The listing is to be repeated exactly, and its pictures are to be left out.
Dataset excerpt START
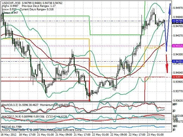 Předpokládaný pohyb pro dnešní den LONG. Případné vstupy do obchodu z hladiny 0.9435 s předpokládaným cílem 0.95, případně až 0.955. Proražení hladiny 0.9435 může vést k pohybu s pravděpodobným cílem 0.94 až 0.9365.
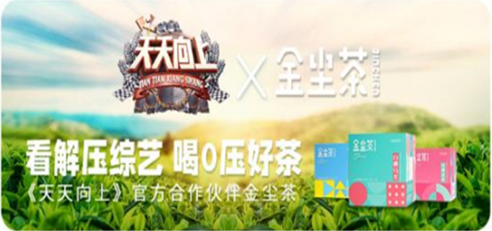 除了产品本身,金尘茶作为行业新秀,在如何与年轻人更好互动上,也下足了功夫。其首次亮相,选择的就是更贴近年轻群体的湖南卫视王牌综艺《天天向上》。借势顶尖传媒平台的影响力,收割海量粉丝群体,金尘茶以更轻松的方式,将品牌与年轻青一代进行了连接。
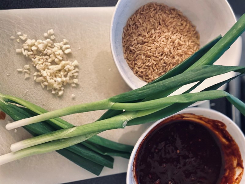 - Serveer met rijst en garneer met bosui
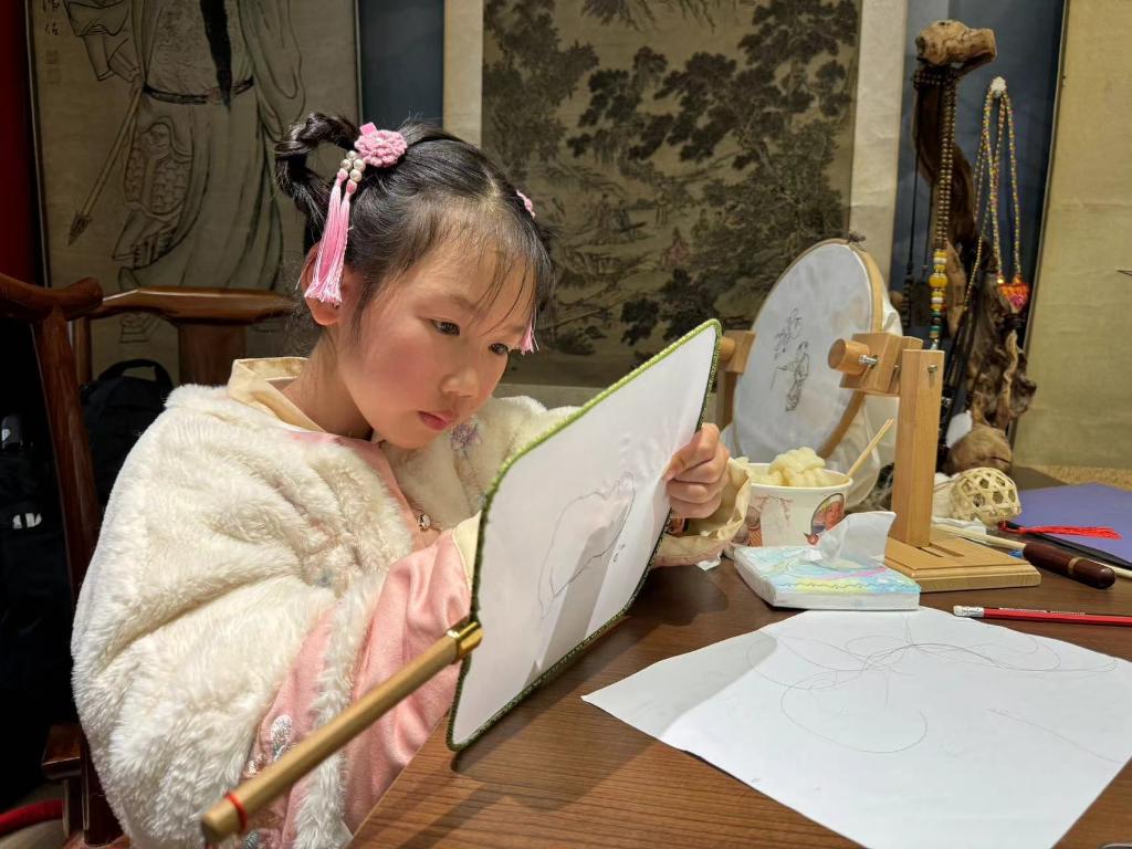 圖為南昌萬(wàn)壽宮歷史文化街區(qū)“祥龍”造型。 新華社記者賴星 攝 “一眼穿越千年前,萬(wàn)壽宮里過(guò)福年”?!跋辇垺辈薀羯砗蟊闶氰F柱萬(wàn)壽宮,有著1600余年的歷史,是江西地方文化的代表符號(hào)?!八蚣o(jì)念‘江西福主’許遜而起,因江西移民的遷徙而盛,又隨‘江右商幫’的崛起而遍布五湖四海?!蹦喜f(wàn)壽宮歷史文化街區(qū)首席文化顧問(wèn)梅聯(lián)華長(zhǎng)期致力于研究江西民俗,對(duì)萬(wàn)壽宮文化如數(shù)家珍。 全世界上千座萬(wàn)壽宮中,位于南昌市西湖區(qū)的鐵柱萬(wàn)壽宮尤為特殊,它被稱為天下萬(wàn)壽宮的祖庭,曾歷經(jīng)多次損毀與重建。為了復(fù)活這一重要人文地標(biāo),南昌通過(guò)引進(jìn)老字號(hào)、非遺、創(chuàng)意產(chǎn)業(yè)等優(yōu)質(zhì)文化業(yè)態(tài),植入現(xiàn)代文旅思路,賦予其新的生命。如今這條街區(qū)成了名副其實(shí)的“南昌會(huì)客廳”,還被評(píng)為“國(guó)家級(jí)夜間文化和旅游消費(fèi)集聚區(qū)”。 彩燈鮮艷、人流熙攘處,一場(chǎng)“龍族奇遇記”正在上演。 游客們手持游戲地圖,四處搜尋著四位龍?zhí)覰PC(非玩家角色)的身影,只要回答出他們所提問(wèn)題,就能集齊貼紙兌換新年禮物。一襲白袍、頭戴龍角的北海龍?zhí)痈σ涣料啵臀吮姸嘤慰偷哪抗?,猜字謎、說(shuō)成語(yǔ)、對(duì)詩(shī)詞……精彩的互動(dòng)掀起一輪又一輪高潮。 “聽采茶戲、品美食、看非遺、尋福龍”,人們漫步于石板街道,探尋著翠花街、籮巷、醋巷、廣潤(rùn)門街、合同巷等“三街五巷”的老城故事。走過(guò)喧鬧的合同巷,推開朱紅色的大門,進(jìn)入非遺匠心館。正在此間舉行的“當(dāng)龍遇藝,一場(chǎng)新年的邂逅”民間文藝系列活動(dòng),集中呈現(xiàn)了贛發(fā)繡、臨川篾編、南昌魚拓等非遺技藝。 在贛發(fā)繡非遺展臺(tái),風(fēng)景、人物、福龍等刺繡作品栩栩如生。游客們以繡針為筆,以發(fā)絲為線,在團(tuán)扇扇面上進(jìn)行刺繡。
Dataset excerpt END
:: Task response ::
 Předpokládaný pohyb pro dnešní den LONG. Případné vstupy do obchodu z hladiny 0.9435 s předpokládaným cílem 0.95, případně až 0.955. Proražení hladiny 0.9435 může vést k pohybu s pravděpodobným cílem 0.94 až 0.9365.
 除了产品本身,金尘茶作为行业新秀,在如何与年轻人更好互动上,也下足了功夫。其首次亮相,选择的就是更贴近年轻群体的湖南卫视王牌综艺《天天向上》。借势顶尖传媒平台的影响力,收割海量粉丝群体,金尘茶以更轻松的方式,将品牌与年轻青一代进行了连接。
 - Serveer met rijst en garneer met bosui
 圖為南昌萬(wàn)壽宮歷史文化街區(qū)“祥龍”造型。 新華社記者賴星 攝 “一眼穿越千年前,萬(wàn)壽宮里過(guò)福年”?!跋辇垺辈薀羯砗蟊闶氰F柱萬(wàn)壽宮,有著1600余年的歷史,是江西地方文化的代表符號(hào)?!八蚣o(jì)念‘江西福主’許遜而起,因江西移民的遷徙而盛,又隨‘江右商幫’的崛起而遍布五湖四海?!蹦喜f(wàn)壽宮歷史文化街區(qū)首席文化顧問(wèn)梅聯(lián)華長(zhǎng)期致力于研究江西民俗,對(duì)萬(wàn)壽宮文化如數(shù)家珍。 全世界上千座萬(wàn)壽宮中,位于南昌市西湖區(qū)的鐵柱萬(wàn)壽宮尤為特殊,它被稱為天下萬(wàn)壽宮的祖庭,曾歷經(jīng)多次損毀與重建。為了復(fù)活這一重要人文地標(biāo),南昌通過(guò)引進(jìn)老字號(hào)、非遺、創(chuàng)意產(chǎn)業(yè)等優(yōu)質(zhì)文化業(yè)態(tài),植入現(xiàn)代文旅思路,賦予其新的生命。如今這條街區(qū)成了名副其實(shí)的“南昌會(huì)客廳”,還被評(píng)為“國(guó)家級(jí)夜間文化和旅游消費(fèi)集聚區(qū)”。 彩燈鮮艷、人流熙攘處,一場(chǎng)“龍族奇遇記”正在上演。 游客們手持游戲地圖,四處搜尋著四位龍?zhí)覰PC(非玩家角色)的身影,只要回答出他們所提問(wèn)題,就能集齊貼紙兌換新年禮物。一襲白袍、頭戴龍角的北海龍?zhí)痈σ涣料啵臀吮姸嘤慰偷哪抗?,猜字謎、說(shuō)成語(yǔ)、對(duì)詩(shī)詞……精彩的互動(dòng)掀起一輪又一輪高潮。 “聽采茶戲、品美食、看非遺、尋福龍”,人們漫步于石板街道,探尋著翠花街、籮巷、醋巷、廣潤(rùn)門街、合同巷等“三街五巷”的老城故事。走過(guò)喧鬧的合同巷,推開朱紅色的大門,進(jìn)入非遺匠心館。正在此間舉行的“當(dāng)龍遇藝,一場(chǎng)新年的邂逅”民間文藝系列活動(dòng),集中呈現(xiàn)了贛發(fā)繡、臨川篾編、南昌魚拓等非遺技藝。 在贛發(fā)繡非遺展臺(tái),風(fēng)景、人物、福龍等刺繡作品栩栩如生。游客們以繡針為筆,以發(fā)絲為線,在團(tuán)扇扇面上進(jìn)行刺繡。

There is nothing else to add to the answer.